Work task: The complete listing goes into the output exactly, without its pictures.

Given material:
#####
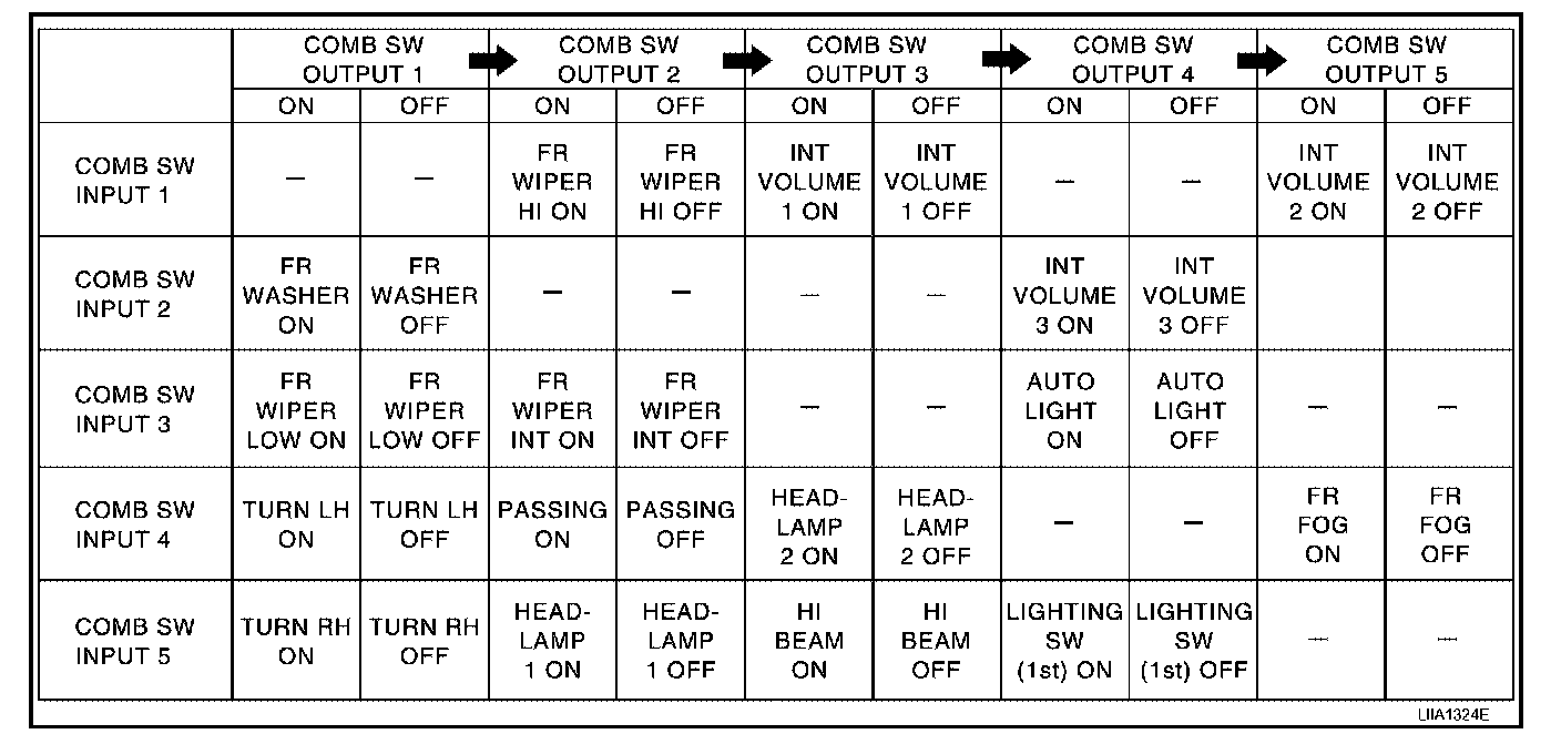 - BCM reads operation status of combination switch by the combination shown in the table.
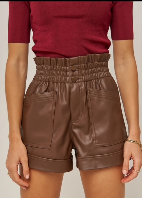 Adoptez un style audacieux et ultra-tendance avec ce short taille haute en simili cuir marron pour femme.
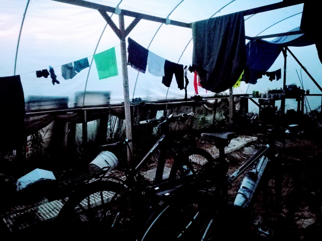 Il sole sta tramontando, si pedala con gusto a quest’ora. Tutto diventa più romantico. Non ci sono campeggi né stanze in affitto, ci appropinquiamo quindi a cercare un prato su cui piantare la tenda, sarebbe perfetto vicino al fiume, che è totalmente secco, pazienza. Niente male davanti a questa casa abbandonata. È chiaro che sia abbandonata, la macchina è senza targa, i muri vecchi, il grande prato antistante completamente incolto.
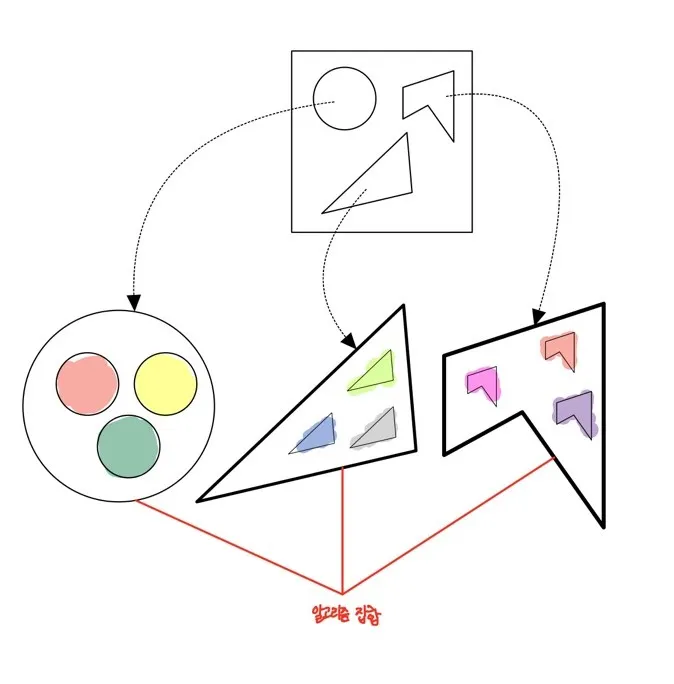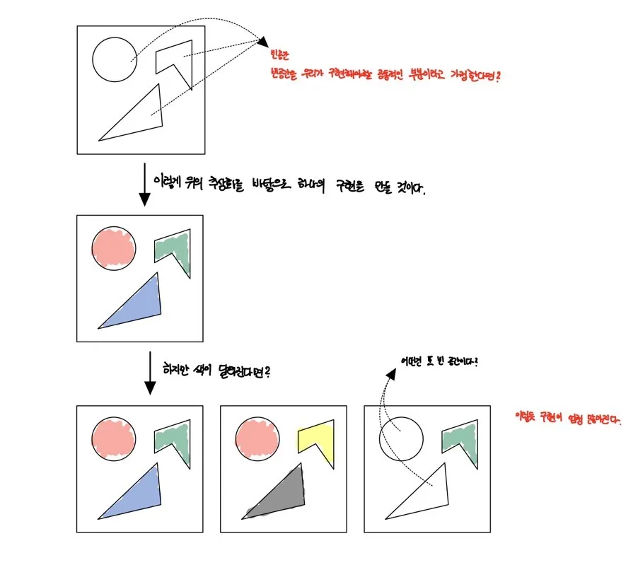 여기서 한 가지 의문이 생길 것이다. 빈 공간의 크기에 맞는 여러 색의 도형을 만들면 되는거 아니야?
#####
Result for this task:
 - BCM reads operation status of combination switch by the combination shown in the table.
 Adoptez un style audacieux et ultra-tendance avec ce short taille haute en simili cuir marron pour femme.
 Il sole sta tramontando, si pedala con gusto a quest’ora. Tutto diventa più romantico. Non ci sono campeggi né stanze in affitto, ci appropinquiamo quindi a cercare un prato su cui piantare la tenda, sarebbe perfetto vicino al fiume, che è totalmente secco, pazienza. Niente male davanti a questa casa abbandonata. È chiaro che sia abbandonata, la macchina è senza targa, i muri vecchi, il grande prato antistante completamente incolto.
 여기서 한 가지 의문이 생길 것이다. 빈 공간의 크기에 맞는 여러 색의 도형을 만들면 되는거 아니야?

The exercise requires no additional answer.